START The input
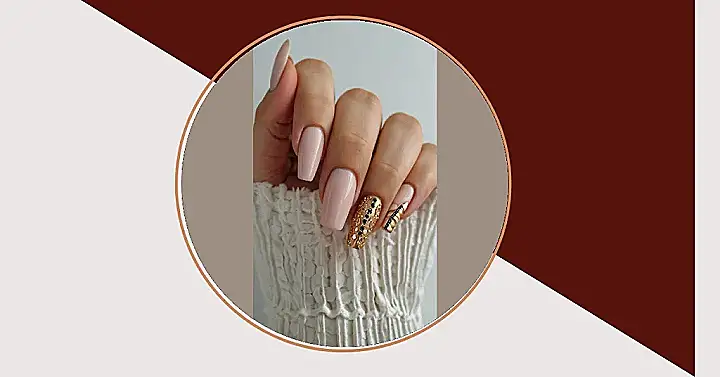 So, you wanna be the queen of spring with your nails? These colors are like a breath of fresh air, ditching the gloomy winter vibes. The picture shows a classy, nude-ish pink that’s perfect for, like, everything. But then BAM! One nail is screaming ‘I’m fancy!’ with gold, glitter, and little gems. It’s like the perfect combo of chill and “I’m about to hit up the coolest party ever.”
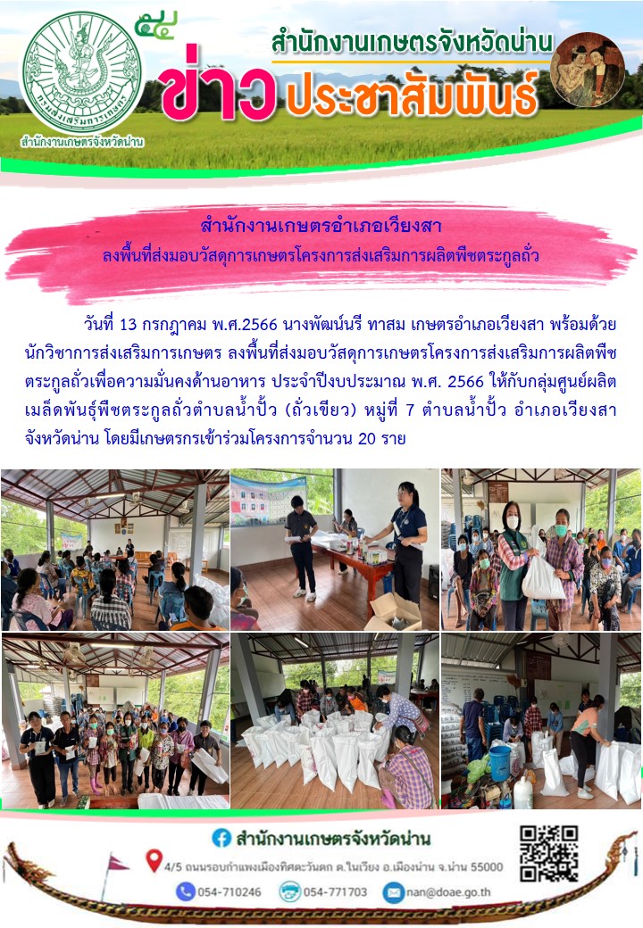 นางพัฒน์นรี ทาสม เกษตรอำเภอเวียงสา พร้อมด้วยนักวิชาการ ส่งเสริมการเกษตร ลงพื้นที่ส่งมอบวัสดุการเกษตรโครงการส่งเสริมการผลิตพืชตระกูลถั่วเพื่อความมั่นคงด้านอาหาร ประจำปีงบประมาณ พ.ศ. 2566 ให้กับกลุ่มศูนย์ผลิตเมล็ดพันธุ์พืชตระกูลถั่วตำบลน้ำปั้ว (ถั่วเขียว) หมู่ที่ 7 ตำบลน้ำปั้ว
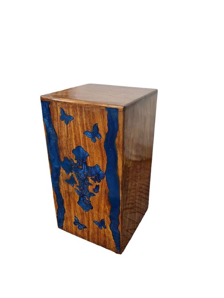 Mango Wood & Epoxy Cremation Urn Box Memorial Keepsake for Ashes Urn, For Family Urn, Cremation Funeral Box, Pet Urn Boxes.
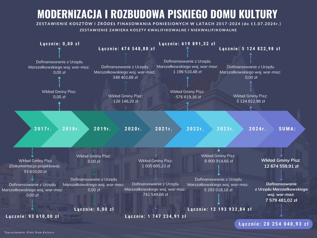 Niedokończona inwestycja w Piszu będzie miała poważne konsekwencje finansowe dla samorządu. Chodzi o konieczność zwrotu blisko 11 mln zł dofinansowania, które zostało przeznaczone na modernizację i rozbudowę Piskiego Domu Kultury.
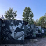 Граффити испорчены вандалами. Сделаны на гаражах.
END The input
## [Activity]
Without including any pictures, reproduce the data exactly.

## [Answer box]
 So, you wanna be the queen of spring with your nails? These colors are like a breath of fresh air, ditching the gloomy winter vibes. The picture shows a classy, nude-ish pink that’s perfect for, like, everything. But then BAM! One nail is screaming ‘I’m fancy!’ with gold, glitter, and little gems. It’s like the perfect combo of chill and “I’m about to hit up the coolest party ever.”
 นางพัฒน์นรี ทาสม เกษตรอำเภอเวียงสา พร้อมด้วยนักวิชาการ ส่งเสริมการเกษตร ลงพื้นที่ส่งมอบวัสดุการเกษตรโครงการส่งเสริมการผลิตพืชตระกูลถั่วเพื่อความมั่นคงด้านอาหาร ประจำปีงบประมาณ พ.ศ. 2566 ให้กับกลุ่มศูนย์ผลิตเมล็ดพันธุ์พืชตระกูลถั่วตำบลน้ำปั้ว (ถั่วเขียว) หมู่ที่ 7 ตำบลน้ำปั้ว
 Mango Wood & Epoxy Cremation Urn Box Memorial Keepsake for Ashes Urn, For Family Urn, Cremation Funeral Box, Pet Urn Boxes.
 Niedokończona inwestycja w Piszu będzie miała poważne konsekwencje finansowe dla samorządu. Chodzi o konieczność zwrotu blisko 11 mln zł dofinansowania, które zostało przeznaczone na modernizację i rozbudowę Piskiego Domu Kultury.
 Граффити испорчены вандалами. Сделаны на гаражах.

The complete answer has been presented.